MTD(F) has nothing to do with best-first, so I am not sure what you are talking about there. MTD(F) is simply a null-window alpha/beta (depth-first) search that requires several passes at each iteration to zero in on the best score. What on earth does that have to do with "best first"?

Your "argument" about storing everything is a complete straw man.
From one side, we can make the hashtable large enough (or use a normal std::map) and just store everything, which works until we run out of memory. From another side, *practical implementations* of best-first searches have to deal with the possibility of memory running out and will do garbage-collection. There is no difference between the two.

The distinction between best-first and depth-first is an artifact of days long gone when it was not realized yet that they were one and the same.

But it was ended in 1995. It's time to move on.
They are far from "one and the same" except at the theoretical level. However, I am more interested in your "MTD(F) is best-first. As I did an MTD(F) crafty years ago when Don Daily was a big proponent. It didn't work very well for me and was significantly slower. I notice he no longer uses it either.
User avatar
Laskos
Posts: 10948
Joined: Wed Jul 26, 2006 10:21 pm
Full name: Kai Laskos

Re: Questions on SMP search

Post by Laskos »

Rein Halbersma wrote:Just to abstract from the name-calling and confusion.
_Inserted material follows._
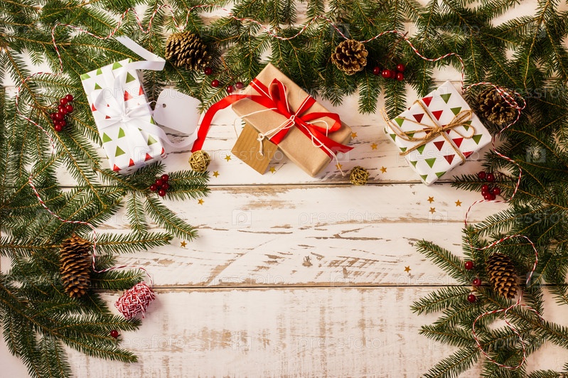 Новогодний или рождественский фон с праздничными коробками, еловыми ветками и шишками, покрытыми иконками. копия пространства

Bob's definition of EBF (depth) = nodes(depth) / nodes(depth-1). For a perfectly regular tree, nodes(depth) = width^depth and EBF(depth) = width, independent of depth. So far so good. Marco's observation was that in irregular trees the extra nodes at the next depth iteration are not all leaf nodes. The pyramid analogue really explains this nicely: adding a layer to the sides, some stones to the bottom etc. In such irregular trees, a single EBF doesn't contain all the information about the shape of the tree.
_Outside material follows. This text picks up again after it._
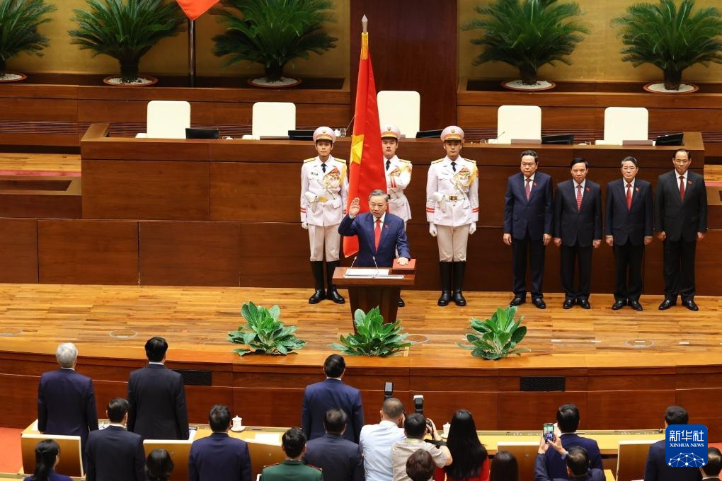 新华社河内5月22日电(记者孙一)据越南国家电视台22日报道,经越南第十五届国会第七次会议当天投票表决,越共中央政治局委员、公安部长苏林当选新任国家主席,苏林随后宣誓就职。

Generalizing slightly, you can define an EBF at each ply level of the tree as EBF(depth, ply) = nodes(depth, ply) / nodes(depth-1, ply). The claim is that for fixed ply, EBF(depth, ply) is increasing in depth, simply because LMR and NMR are reducing more heavily at lower remaining depth. This is what people mean with "widening the tree". A better term would perhaps be that high in the tree, the tree is "thicker" or "denser". Similarly, for fixed depth, EBF(depth, ply) is decreasing in ply. So lower in the tree (near the leafs), the tree is quite "thin".

So at ply=1, (the root moves) the EBF is probably around 30+, whereas at ply=depth (the leaf nodes) the EBF might be 1. The overall EBF of a tree can still remain fairly constant around 2.
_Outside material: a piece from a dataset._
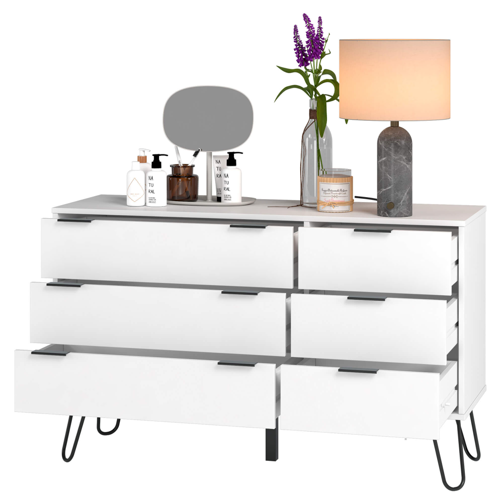 Escolha a cómoda CASSIE com 6 gavetas e transforme o seu espaço num ambiente organizado, moderno e cheio de estilo.

I guess these observations are fairly trivial and could have been made a lot earlier if people were to take the courtesy of interpreting each other words a bit more constructively...

Thanks.

Rein
Just to rehash this old discussion.
I have just constructed a model tree shape of engines using logarithmic reductions a la Stockfish. The math is a bit complicated and is not very illuminating. The shape of the tree as a function of (depth, ply) is given by
(depth)^(log(2)) * log(ply+1)/4,
with the normalization factor chosen as to have the EBF(depth) at a constant=2. The tree shapes are plotted here for depths 10, 20, 35.
Image

From ply 20 to 21 the number of nodes for widening are ~2.5 millions, for deepening ~2.1 million, so 54% for widening.
From ply 31 to 30 the number of nodes for widening are ~3.0 billion, for deepening ~2.1 billion, so 59% for widening. Larger depth you go, proportionally more nodes are going to widening.

And here are EBF(depth, ply) with a constant EBF(depth)=2
Image

At shallow plies, deeper you go in depth, the search becomes almost full width. At the same time, EBF(depth, ply) for example for depth=35, is becoming smaller than 1 at ply 19, so saying for iteration 35 that it's depth 35 search is misleading, as the tree to the depth 35 is searched very sporadically. If we say that we consider "depth" the region where EBF(depth, ply) is larger than 1, then iteration 35 gives something like depth 19 search.